La primera reacción al despertarte es de una cierta vergüenza y a la vez alivio. El sueño recuerda los días en los que tu abuela ya había muerto y tu casa ya no era tu casa sino la de otro y aun así tú entrabas con tus llaves y no encontrabas nada nuevo: los muebles exactamente como estaban, incluso tus viejos libros, tu televisión, tu vídeo, la cama donde dormiste 20 o 25 años, el espejo de la entrada, los cajones del armario... y decidías tentar a la suerte y quedarte ahí una noche más, quizá la última noche, sorprendido de que ahí no apareciera nadie, de que los nuevos dueños no hubieran dejado huella alguna en su asalto al Palacio de Invierno.
Sientes el alivio del fugitivo pero pronto te das cuenta de que eso nunca sucedió, que nunca volviste a la casa, que siempre venciste la tentación de subir los tres pisos y entrar, aprovechando que el cartel de "Se alquila" seguía en la ventana. El temor a encontrarte una casa muerta, encontrarte tu infancia, tu adolescencia, tu juventud muertas y desparramadas por el suelo y quizás el fantasma desubicado de tu propia abuela saliendo y entrando de su habitación ya desierta, cables de antena entrando y saliendo por las ventanas, solo eso, solo eso.
Así que el sueño en realidad recuerda los días en los que
soñabas con entrar de nuevo en tu casa. El alivio recuerda el alivio de saberse a salvo, la cara asustada de tu abuela -muerta, siempre muerta, recuerden- mientras tú le repetías: "No pasa nada, todo va a ir bien, no tienes que hacer nada más aquí, no te preocupes, puedes irte tranquila" y le decías que la querías, porque eso lo sigues haciendo, porque cada semana, aunque ya vaya la cosa para cinco años, tarde o temprano tu abuela aparece en el sueño, vete a saber por qué o en qué contexto, al principio la incredulidad era suya, ahora la incredulidad es tuya: ¿Cómo es posible que tu abuela muriera, en qué momento sucedió, por qué nadie te dijo nada?... tú le dices que la quieres y la sensación, en el sueño, en la vigilia y en la ducha, es de "por si acaso".

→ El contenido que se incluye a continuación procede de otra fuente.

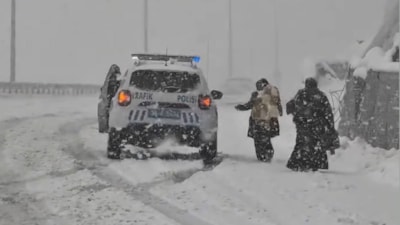 Yoğun kar yağışının etkilediği Hakkari'de yolda kalan kadın ve bebeği, trafik polislerinin hızlı müdahalesiyle kurtuldu. O anlar sosyal medyada paylaşılırken anne ve bebeği, ekiplerce güvenli bir noktaya ulaştırıldı.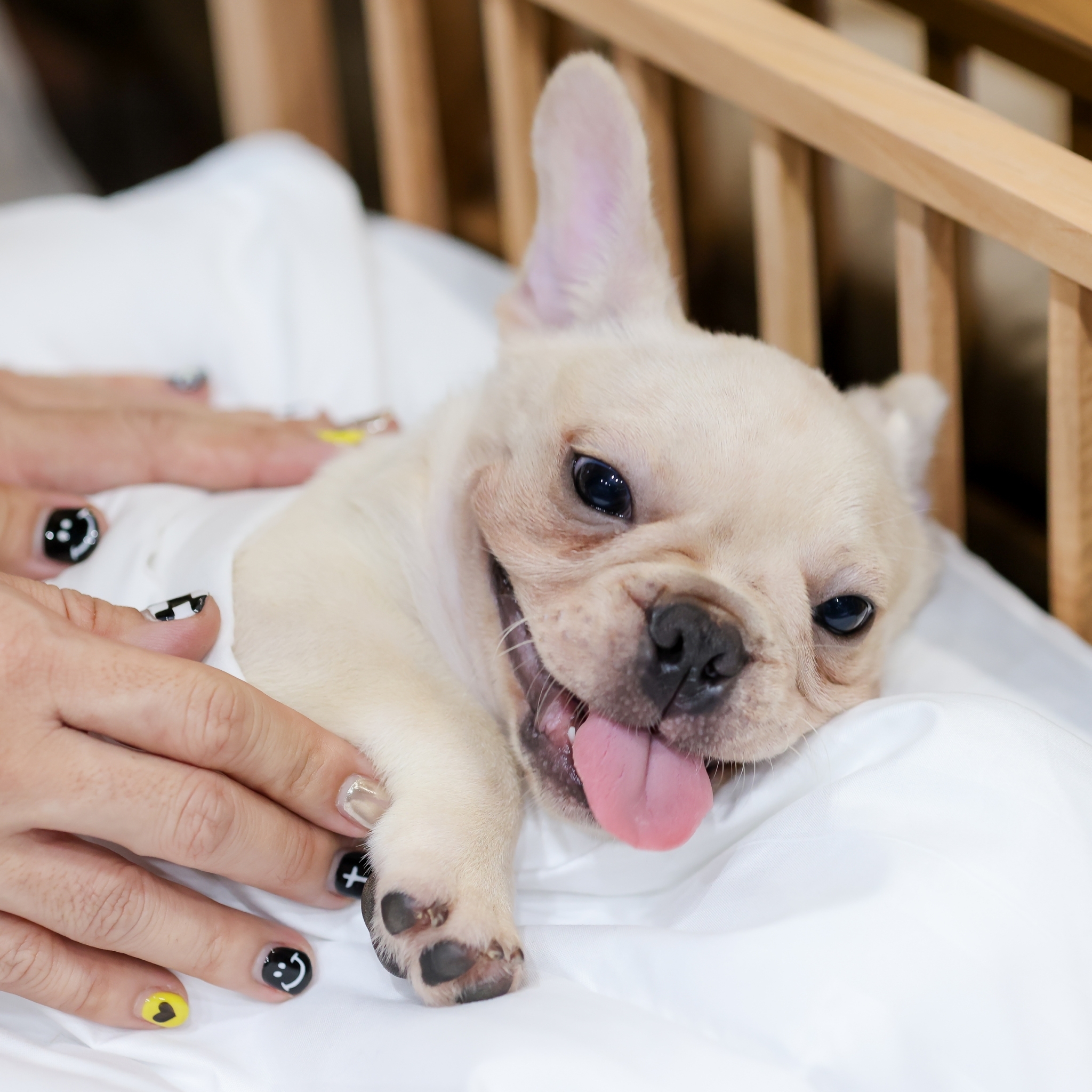 เฟรนช์บลูด็อก เพศผู้ สีครีมหน้าสั้น ใบหูสั้น ขี้เล่น ทรงสวย อายุ 2 ดือน เฟรนช์บลูด็อก เฟรนช เฟรน

Sí, le dices que la quieres "por si acaso", por si es verdad que de alguna manera ella está allí y porque la quieres, claro, porque quizá le dijiste pocas veces que la querías. Estas cosas pasan, especialmente conforme pasan los años y los recuerdos ni siquiera son sueños sino sueños que recuerdan otros sueños, y tiendes a culpabilizarte: podrías haberlo hecho mejor, podrías haberlo hecho mejor. Así que, bueno, se lo dices y la abrazas y te despides de nuevo aunque sabes que esto sí que es absurdo, porque si te despediste de verdad en su momento -no lo recuerdas, esto es triste, pero es verdad: no lo recuerdas, puede que en algún momento entre la Princesa y el Santa Cristina, entre Valencia y San Sebastián, entre la infección y el coma; puede, pero no lo recuerdas- ya no habrá manera de despedirse de nuevo... y si cada una de estas despedidas tiene algún sentido -volvemos al "por si acaso"-, entonces, qué demonios, la semana que viene nos volveremos a ver, eso está claro.